Recorded data
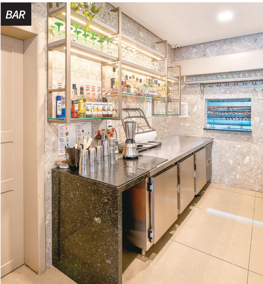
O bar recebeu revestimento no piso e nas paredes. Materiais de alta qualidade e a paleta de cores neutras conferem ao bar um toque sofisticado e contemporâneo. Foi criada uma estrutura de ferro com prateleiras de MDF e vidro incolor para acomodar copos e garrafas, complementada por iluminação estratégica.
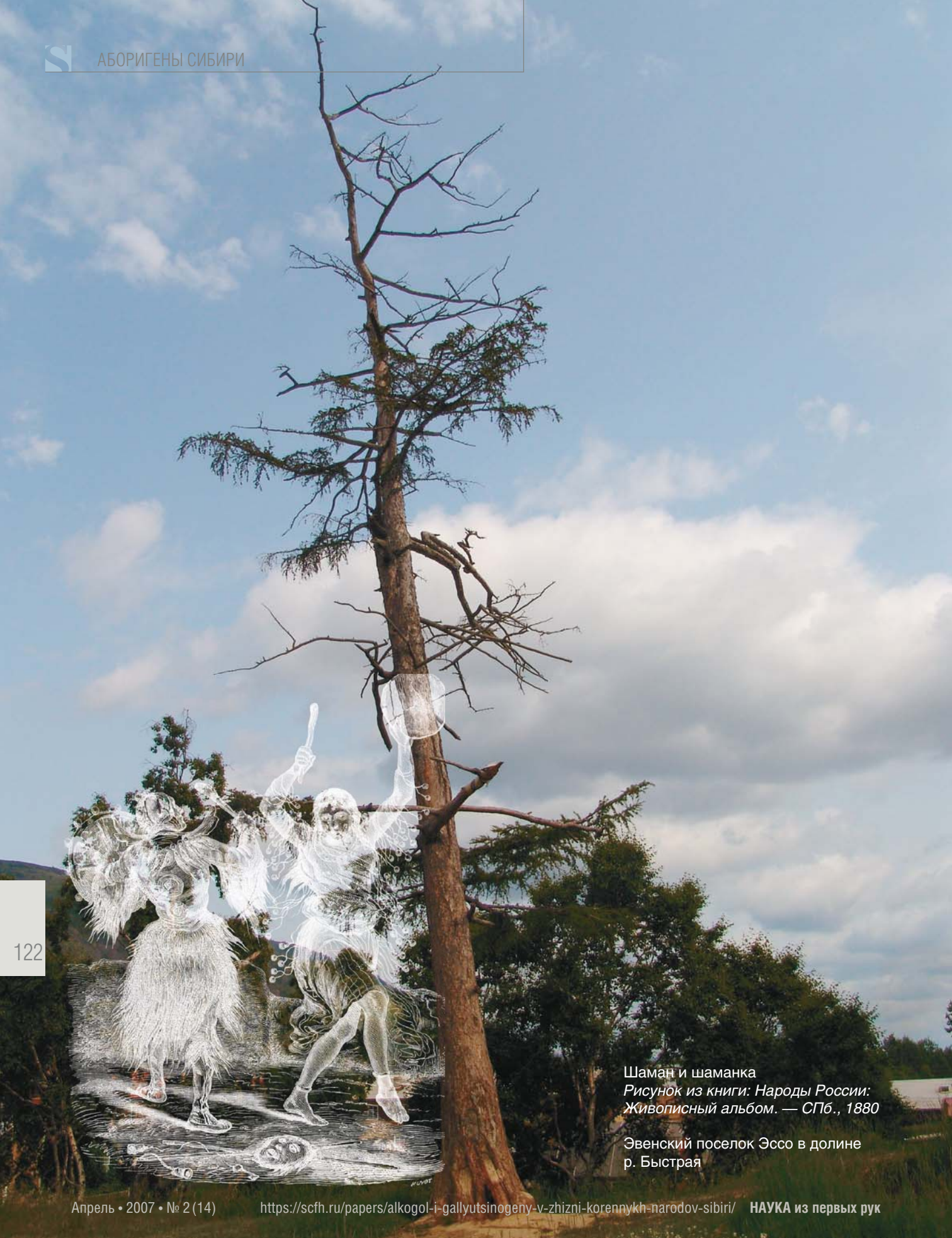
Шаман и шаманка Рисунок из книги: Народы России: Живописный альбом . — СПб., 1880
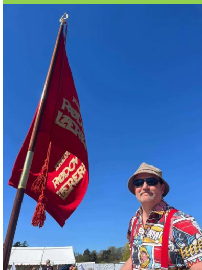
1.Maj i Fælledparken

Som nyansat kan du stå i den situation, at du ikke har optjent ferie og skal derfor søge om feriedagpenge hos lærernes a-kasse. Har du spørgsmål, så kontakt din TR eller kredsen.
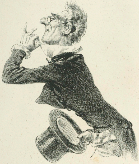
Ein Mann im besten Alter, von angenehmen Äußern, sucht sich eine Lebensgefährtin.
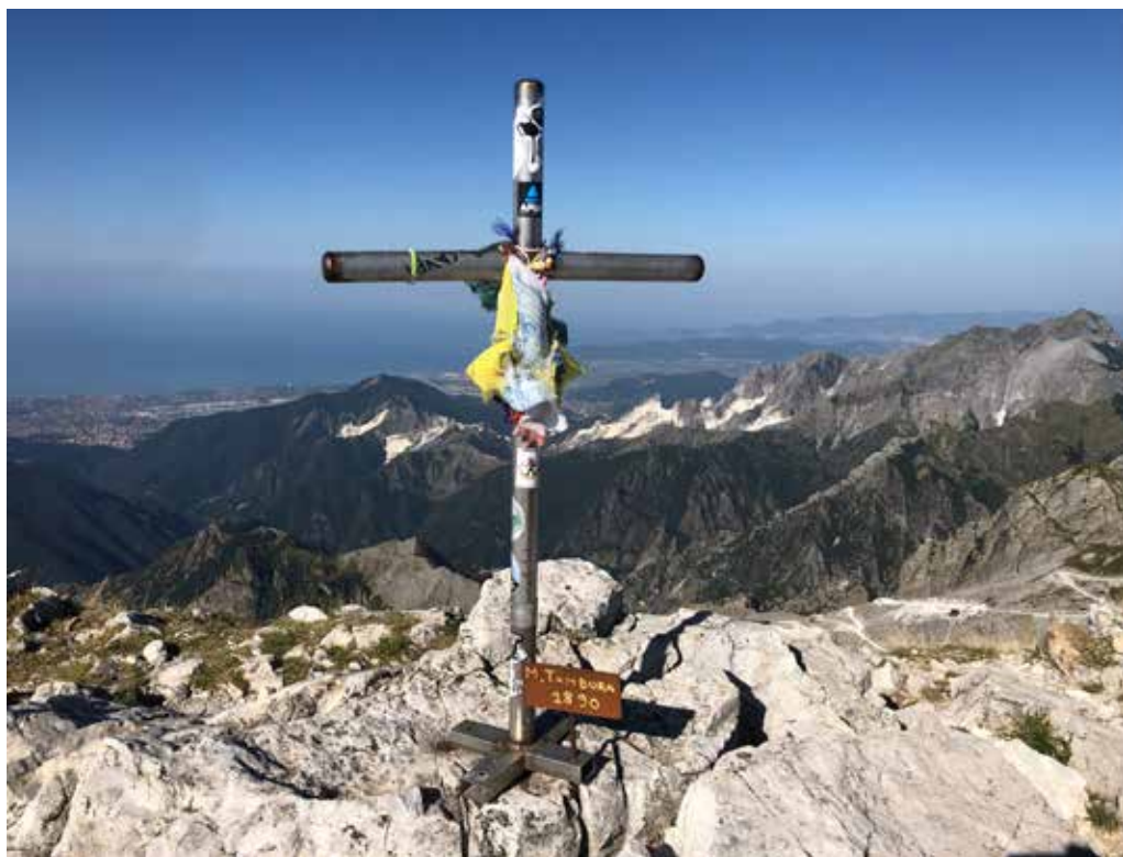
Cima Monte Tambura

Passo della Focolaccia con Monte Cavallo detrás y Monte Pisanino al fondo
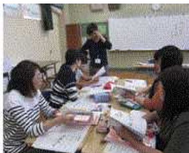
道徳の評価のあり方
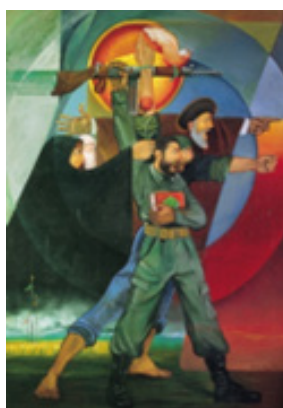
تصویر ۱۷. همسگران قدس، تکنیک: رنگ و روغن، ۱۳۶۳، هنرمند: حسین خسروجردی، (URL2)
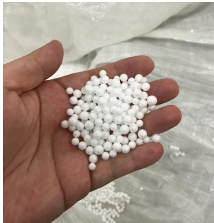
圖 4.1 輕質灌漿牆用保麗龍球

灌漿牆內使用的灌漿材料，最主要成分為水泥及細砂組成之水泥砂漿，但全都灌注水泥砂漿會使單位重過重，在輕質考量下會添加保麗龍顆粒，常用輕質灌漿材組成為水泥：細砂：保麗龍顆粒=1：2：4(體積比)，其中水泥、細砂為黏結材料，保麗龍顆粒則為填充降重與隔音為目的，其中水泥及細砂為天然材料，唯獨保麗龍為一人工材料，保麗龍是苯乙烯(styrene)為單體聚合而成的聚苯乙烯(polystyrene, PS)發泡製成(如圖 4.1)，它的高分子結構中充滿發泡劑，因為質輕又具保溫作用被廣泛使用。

---

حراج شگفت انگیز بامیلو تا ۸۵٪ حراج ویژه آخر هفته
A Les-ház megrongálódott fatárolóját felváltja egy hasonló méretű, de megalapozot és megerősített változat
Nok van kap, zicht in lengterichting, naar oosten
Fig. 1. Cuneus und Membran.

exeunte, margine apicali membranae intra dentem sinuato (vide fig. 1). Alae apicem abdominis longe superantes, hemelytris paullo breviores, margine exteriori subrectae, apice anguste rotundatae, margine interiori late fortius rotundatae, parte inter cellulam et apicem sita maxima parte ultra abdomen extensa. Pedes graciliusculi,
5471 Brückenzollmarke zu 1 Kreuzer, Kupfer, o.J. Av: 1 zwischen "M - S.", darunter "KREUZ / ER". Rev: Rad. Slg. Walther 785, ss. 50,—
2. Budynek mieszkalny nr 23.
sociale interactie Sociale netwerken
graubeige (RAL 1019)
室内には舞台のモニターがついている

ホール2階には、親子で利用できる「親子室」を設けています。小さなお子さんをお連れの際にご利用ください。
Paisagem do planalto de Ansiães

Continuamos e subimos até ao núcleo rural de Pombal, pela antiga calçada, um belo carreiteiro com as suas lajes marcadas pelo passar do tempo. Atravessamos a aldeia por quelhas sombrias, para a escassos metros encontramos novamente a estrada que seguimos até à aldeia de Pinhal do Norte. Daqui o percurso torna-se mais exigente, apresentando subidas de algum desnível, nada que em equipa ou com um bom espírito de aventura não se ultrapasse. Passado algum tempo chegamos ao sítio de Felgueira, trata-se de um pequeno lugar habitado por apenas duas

Exercise:
Lines with "Monte" in the records above: copy every one of them.

Task answer:
Cima Monte Tambura
Passo della Focolaccia con Monte Cavallo detrás y Monte Pisanino al fondo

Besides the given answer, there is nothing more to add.